Questo è la sua forza, ma al tempo stesso la sua pericolosità perché sono possibili errori nella
ricombinazione che portano a produzione di anticorpi che si legano in modo più o meno efficiente a
strutture del self. Ovviamente il sistema ha i suoi meccanismi di controllo che inducono all’apoptosi i
linfociti B potenzialmente autoreattivi.
Ma non solo la mutazione del patrimonio genico è l’arma della cellula B. Infatti l’altro sistema con cui questi
tipi di linfociti raffinano la specificità nei confronti dell’antigene riguarda la produzione di anticorpi che nella
prima fase è di tipo M. Successivamente, perdurando la stimolazione antigenica, il linfocita B è in grado di
spostare la produzione anticorpale dalle IgM alle IgA, IgG e IgE. Questo spostameto si chiama switch
isotopico, è chiaro che non è un meccanismo lasciato al caso me è regolato (indovinate un po’?) dalle
citochine e quindi proprio dall’ambiente in cui si è prodotta la risposta immunitaria. Quindi le citochine
sono vere e proprie switch factors. In particolare il TGF-β sostituisce la risposta anticorpale IgM (fortemente
infiammatoria) con un arisposta IgA meno infiammatoria.

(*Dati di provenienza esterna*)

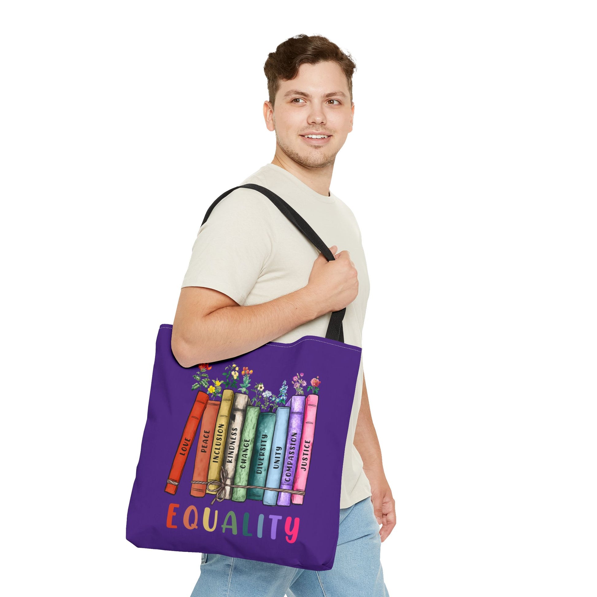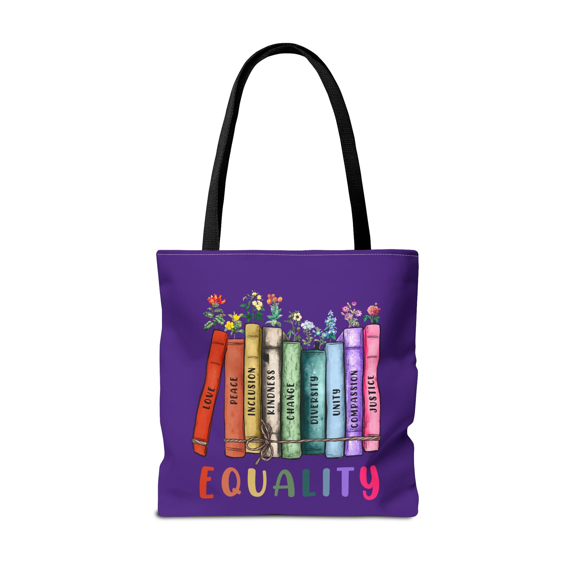 Books build empathy—and this tote says it loud and proud. Featuring a purple background, bold “Equality” bookstack design with floral accents, and sturdy black handles, this bag is a beautiful celebration of inclusion, representation, and love in all forms.
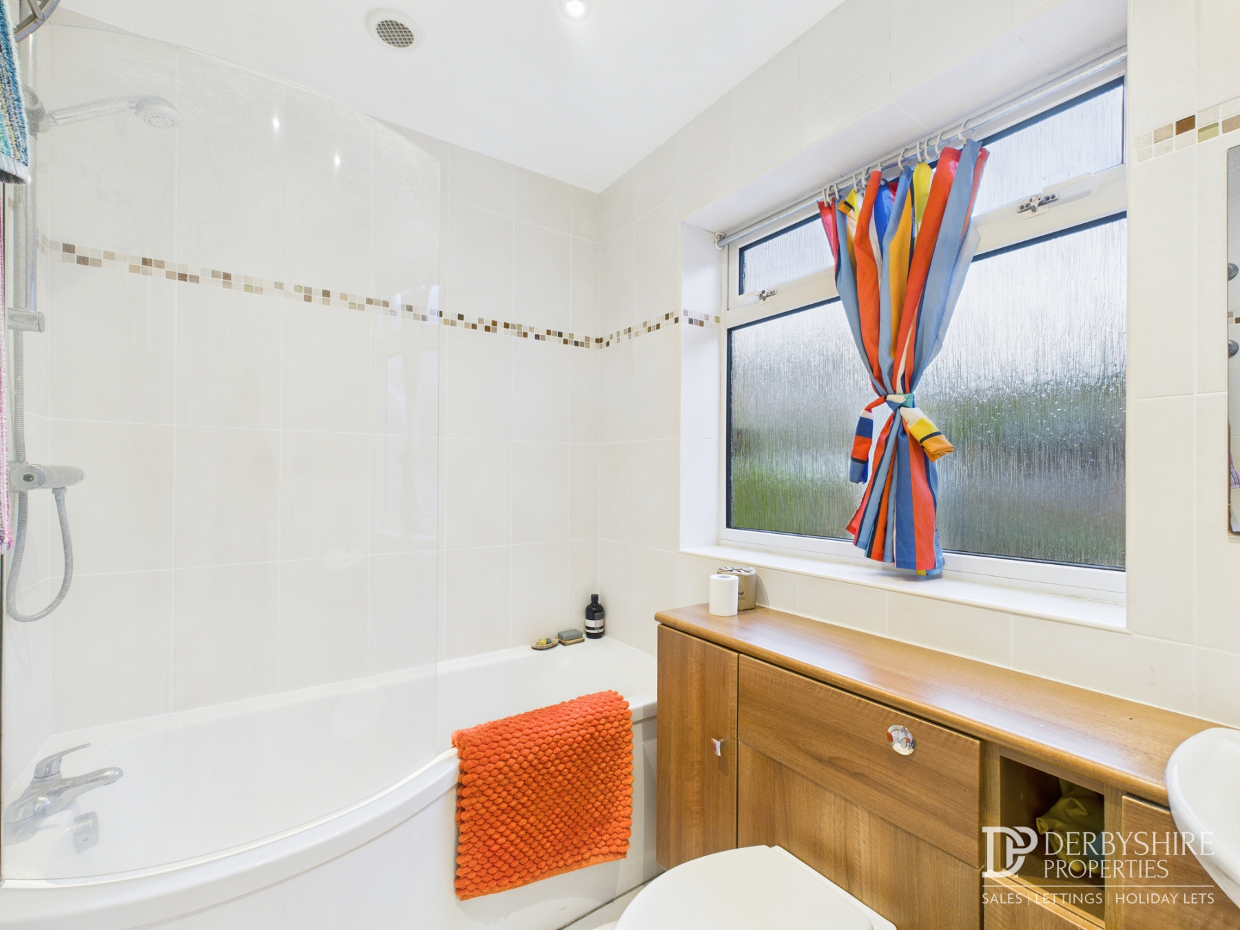 The first floor comprises a modern three-piece bathroom fitted with an encased WC, vanity unit with inset wash hand basin, and a space-saving bath with mains-fed shower and glazed screen. The room is finished with fully tiled walls and flooring, ceiling spotlights and an obscured double-glazed window.
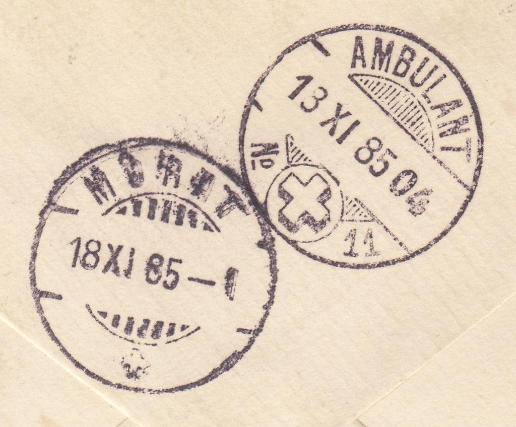1885 MAIL CANTERBURY, KENT TO SWITZERLAND 2½D LILAC (SG190). Envelope Canterbury to Morat, Switzerland with 2½d lilac (SG190) lettered IS tied fine strike 'CANTERBURY' squared circle NO 16 85, on reverse 'MORAT' date stamp 18 XI 85. (Ref 142727).

Quindi, il riarrangiamento genico, l’ipermutazione somatica, lo switch isotopico conferiscono estrema
flessibilità al linfocita B, tale adattamento è possibile per l’estrema flessibilità del genoma di queste cellule
che, in base alle informazioni che riceve riarrangia e modifica l’espressione dei suoi geni.
Desidero mettere alla vostra attenzione che recentemente è stata segnalata una sottopopolazione di
linfociti B denominati B1, chiamate così, perché a dispetto della loro recente individuazione sono le cellule
più antiche che si formano per prime nello svilupppo del feto infatti, originano da cellule staminali
ematopoietiche derivate da fegato fetale. Esprimono CD5 + e nell’adulto si trovano nel peritoneo, nelle
pleure e nelle mucose come popolazioni in auto-rinnovamento. Secernono spontaneamente IgM (sono
chiamati anticorpi naturali, perché sono presenti senza evidente immunizzazione) ed è possibile che la flora
batterica dell’intestino ne stimola la produzione. Le cellule B1 sono analoghe alle cellule Tγδ, ambedue
rispondono nella fase precoce della risposta immunitaria.
Le cellule B possono attivarsi autonomamente oppure tramite linfociti T helper.
L’attivazione indipendente si realizza, per lo più, a contatto con antigeni che presentano siti antigenici
ripetitivi. In sostanza quando il messaggio è chiaro e con ripetute stimolazioni.